The neural network identifying unit 244 is a pedestrian image or a non-pedestrian image according to the output of the output layer when the image data is input based on the neural network learned as described above. In the pseudo brain activity data measuring device 230, the image data acquisition unit 242 sequentially inputs a plurality of image data stored in the image brain signal storage unit 238 to the learned neural network, and the pseudo brain signal The acquisition unit 246 acquires the simulated brain activity data observed when each piece of image data is input to the neural network, and the storage control unit 248 stores the simulated brain activity data corresponding to the image data in the image brain signal storage unit 238. Remember me. As a result, the image brain signal storage unit 238 stores a plurality of pairs of image data and simulated brain activity data.

  A plurality of pairs of image data and simulated brain activity data stored in the image brain signal storage unit 238 are input to the computer 14 of the object identification device 10, and the simulated brain activity data measurement device is stored in the image brain signal storage unit 20. A plurality of pairs of the same image data and simulated brain activity data as the image brain signal storage unit 238 of 230 are stored.

  Next, the operation of the present embodiment will be described. First, prepare a plurality of pedestrian image data obtained by imaging pedestrians and non-pedestrian image data obtained by imaging other than pedestrians, and give a teacher label to each image data The image data is stored in the image brain signal storage unit 38 of the brain activity data measuring device 30.

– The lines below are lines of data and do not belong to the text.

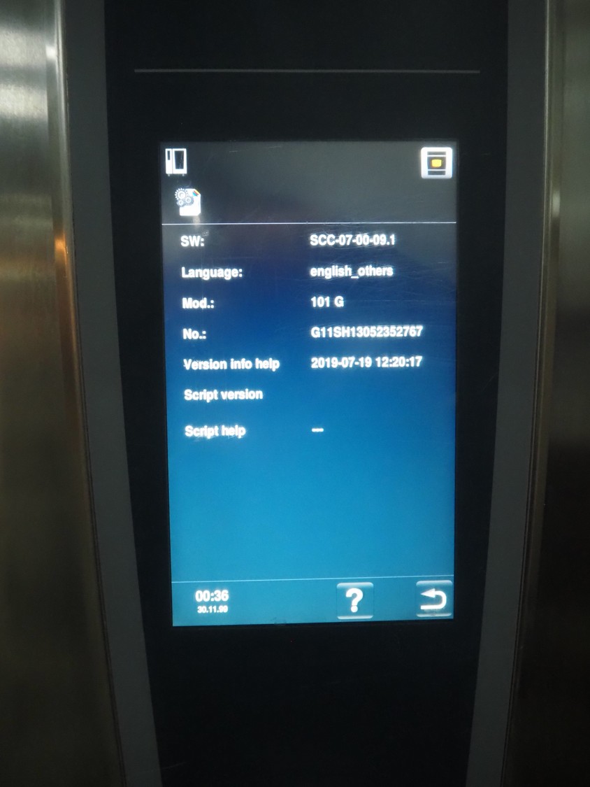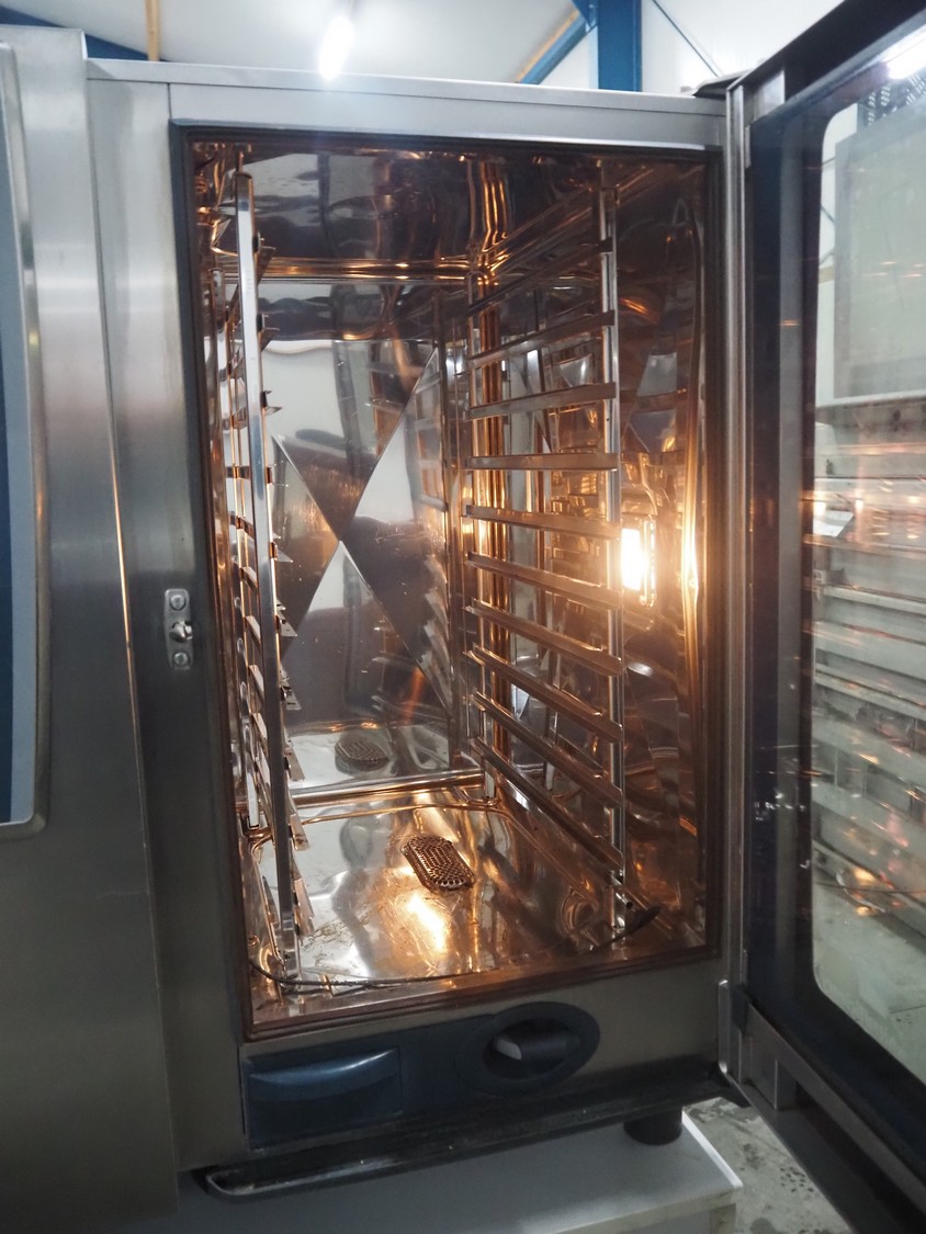 Rational combi steamer, type: Type is SCC WE 101G, serial number: G11SH13052352767, year of construction: 2013, 10 floors, floor dimensions: (10x) 540 mm x 330 mm, total dimensions: 850 mm x 800 mm x 1040 mm.
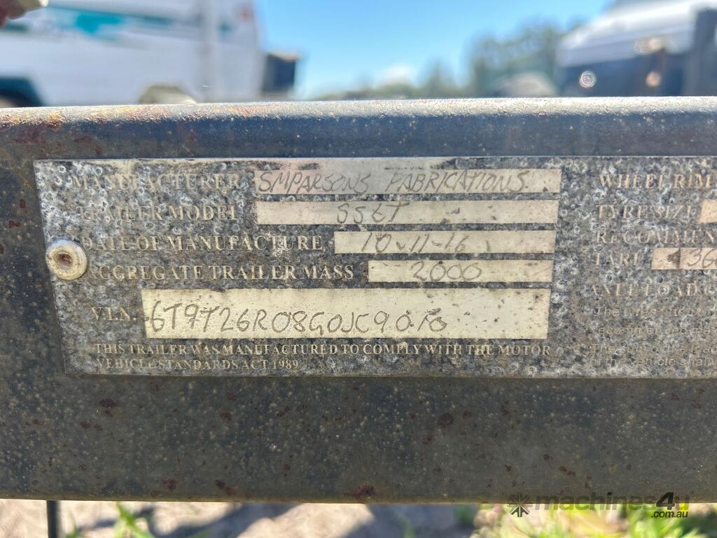 CP: CIRCA 2016,Parsons,Tandem Axle Plant Trailer,0 (undefined),Colour: Grey,Unregistered NSW,VIN: 6T9T26R08G0JC9010,Sold with No Plates,WOVR Status: WOVR N/A,Incident Type: Water
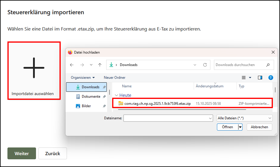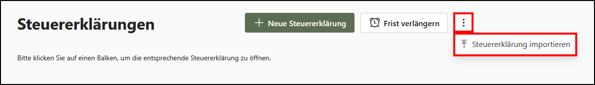 Wählen Sie auf der Startseite <Steuererklärung importieren>.

  Then, the simulated brain activity data measurement device 230 executes a simulated brain signal acquisition processing routine shown in FIG.

  First, in step 250, each image data and teacher label stored in the image brain signal storage unit 238 is read. In step 252, a neural network is learned based on each image data and teacher label read in step 250. To do.

  In step 254, one image data stored in the image brain signal storage unit 238 is acquired. In step 256, the image data acquired in step 254 is input to the input layer of the neural network.

  In step 258, a pseudo brain signal output from each neuron in the intermediate layer of the neural network when image data is input to the neural network in step 256 is obtained, and a pseudo brain representing the pseudo brain signal of each neuron is obtained. Get activity data. In step 260, the simulated brain activity data is stored in the image brain signal storage unit 238 in association with the image data. In step 262, it is determined whether or not the processing in steps 254 to 260 has been executed for all image data stored in the image brain signal storage unit 238. If there is image data for which the processing in steps 254 to 260 has not been performed, the process returns to step 254, and the processing in steps 254 to 260 is repeated for the image data. On the other hand, when the processes in steps 254 to 260 are executed for all image data, the pseudo brain signal acquisition process routine is terminated.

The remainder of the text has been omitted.